Si ritorna in Giappone e soprattutto si torna a parlare di Takashi Shimizu. Il regista ormai è conosciuto per aver creato e diretto i film di Ju-On. I migliori film di Ju-On (se escludiamo quelli americani, lì non so quanta libertà creativa abbia avuto). Ovviamente ha fatto tante altre pellicole, specialmente di genere horror, molto interessanti e altri che però non sono stati tanto apprezzati. Quello di cui parleremo oggi è probabilmente uno dei suoi lavori più particolari (anche se non come Marebito) e anche uno dei più criticati.
Il film in questione è The Shock Labyrinth, horror del 2009 girato in 3D.
Trama:
Ken torna dopo molti anni nel suo villaggio natale e incontra i suoi amici d’infanzia, Rin e Motoko. Purtroppo la loro riunione è costretta a interrompersi quando appare Yuki, una loro amica scomparsa dieci anni fa. I tre protagonisti insieme a Miyu, la sorella minore di Yuki, cercano di fare chiarezza su questa situazione ma Yuki fugge dentro un ospedale. I quattro la inseguono ma così facendo rimangono intrappolati dentro un vero e proprio incubo.
Questo film lo vidi quasi dieci anni fa quando ero ancora un quattordicienne e non mi piacque tanto. Ammetto che, ripensandoci, certi momenti mi spaventarono, ma una cosa che mi lasciò confuso e che non capii era la narrazione. Su questo punto ci torneremo più in là.
Era il periodo in cui avevo iniziato a interessarmi di cinema e stavo provando a vedere molti generi diversi per capire meglio la settima arte. Avevo quattordici anni ed ero abbastanza ignorante sulla questione, quindi non avevo un grande metro di giudizio.
Anni dopo mi sono ricordato di The Shock Labyrinth e decisi di rivederlo. E quella volta mi piacque molto. Così qualche tempo fa l’ho guardato un’altra volta insieme a Shiki e per me si è riconfermato come un ottimo film.
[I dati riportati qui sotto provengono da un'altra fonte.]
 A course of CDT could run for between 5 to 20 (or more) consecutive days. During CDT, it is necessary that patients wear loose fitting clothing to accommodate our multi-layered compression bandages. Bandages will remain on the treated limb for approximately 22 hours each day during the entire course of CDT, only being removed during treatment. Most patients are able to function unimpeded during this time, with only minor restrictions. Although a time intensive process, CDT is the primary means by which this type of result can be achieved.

Per questo motivo ho deciso di parlare della pellicola, per spiegare i motivi per cui lo rivalutato e soprattutto perché quando ero piccolo lo giudicai male.
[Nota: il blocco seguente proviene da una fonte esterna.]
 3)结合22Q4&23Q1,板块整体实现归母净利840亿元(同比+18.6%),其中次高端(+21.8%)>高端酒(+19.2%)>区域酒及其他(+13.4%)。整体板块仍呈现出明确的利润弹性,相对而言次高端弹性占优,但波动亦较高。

Intanto bisogna cominciare sottolineando come Shimizu abbia diretto il film in maniera differente rispetto al solito. Se avete visto alcuni dei suoi lavori come Ju-On o Reincarnation (o Rinne) avrete sicuramente notato come utilizzi una regia lenta e precisa, senza troppi movimenti di macchina esagerati. Qui invece p un po’ diverso, ci sono movimenti più accentuati (forse dovuto anche al fatto che il film è stato realizzato in 3D), il ritmo è più veloce e crea inquadrature molto particolari.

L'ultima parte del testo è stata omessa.